Cortex-M hardware stack overflow detection

[brucehoult]

Wasting in what sense?

[ataradov]

You need to setup the protected region that would trigger a fault when a write happens. In general in MCUs all SRAM is technically "used" and there is no way to tell what is stack and what is not. With MMU you could map those regions far apart in the address space and have a way easier time detecting issues.

And I think the smallest MPU region size is 256 bytes, so you will be wasting even more.

[brucehoult]

Ahhh .. in RISC-V "no access" is the default, and you'd just enable R/W access to the stack and data/bss/heap region(s) and R/X access to the code.

[ataradov]

But there are no regions generally. There is no way any system can know if a write at some address is a legitimate write to the variable at that address or a stack overflow into that address.

Obviously if you are not using all the SRAM, you can define the middle section as unused in a platform specific way. But the question is why? If you have some memory left after the variables are allocated, you might as well allocate it for the heap/stack.

And this is where you need to decide how much of that memory in the middle you are willing to waste. Obviously if you don't have a lot of data and you can limit your stack to a very small size, you can declare most of the SRAM as RO, but this is not a typical scenario.

[ejeffrey]

If you use your compilers call graph analysis tool and find the largest stack frame of any single function and you can afford to waste that much memory, then you should be able to mostly protect against stack / heap collisions by marking that much space read only.  If on activation of a function the storing the return address doesn't fault, then the local variables of that function should not be able to touch the heap.  You have to add a check to alloca and avoid or check variable size arrays and the like if you use them.
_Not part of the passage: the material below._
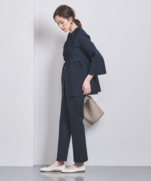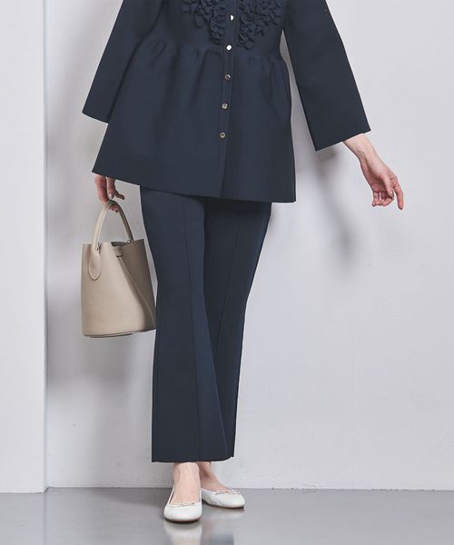 さりげないフレアシルエットが大人な雰囲気を演出するニットパンツ

This will only keep the stack allocated space from colliding with the heap.  It won't stop out of bounds indexing of automatic arrays from doing pretty much anything.  However I still think it's a win.  Bounds checking is a local problem and amenable to local solutions.  Stack overflow is a global problem, so a series of individually correct functions can have incorrect behavior.  Also, more often buffer overflows are positive overflow which won't impact the heap in a conventional layout but will be just as damaging by overwriting the rest of the stack.

[westfw]

in RISC-V "no access" is the default, and you'd just enable R/W access to the stack and data/bss/heap region(s) and R/X access to the code.

I don't see how that's different.  You're "wasting" any RAM set for "no access."
(now we can argue about whether it makes any sense to call "not used RAM" "wasted."  These days it is relatively easy to just pick a chip with more ram than you need.)

[brucehoult]

in RISC-V "no access" is the default, and you'd just enable R/W access to the stack and data/bss/heap region(s) and R/X access to the code.

I don't see how that's different.  You're "wasting" any RAM set for "no access."
(now we can argue about whether it makes any sense to call "not used RAM" "wasted."  These days it is relatively easy to just pick a chip with more ram than you need.)

It's not unused, it's used by other threads.

If you're allocating all of RAM for your [ stack : data : bss : heap ] then you just let it trap with "unmapped address" (or whatever it's called) if the stack overflows the RAM area downwards or the brk upwards and don't need to bother with the protection mechanism.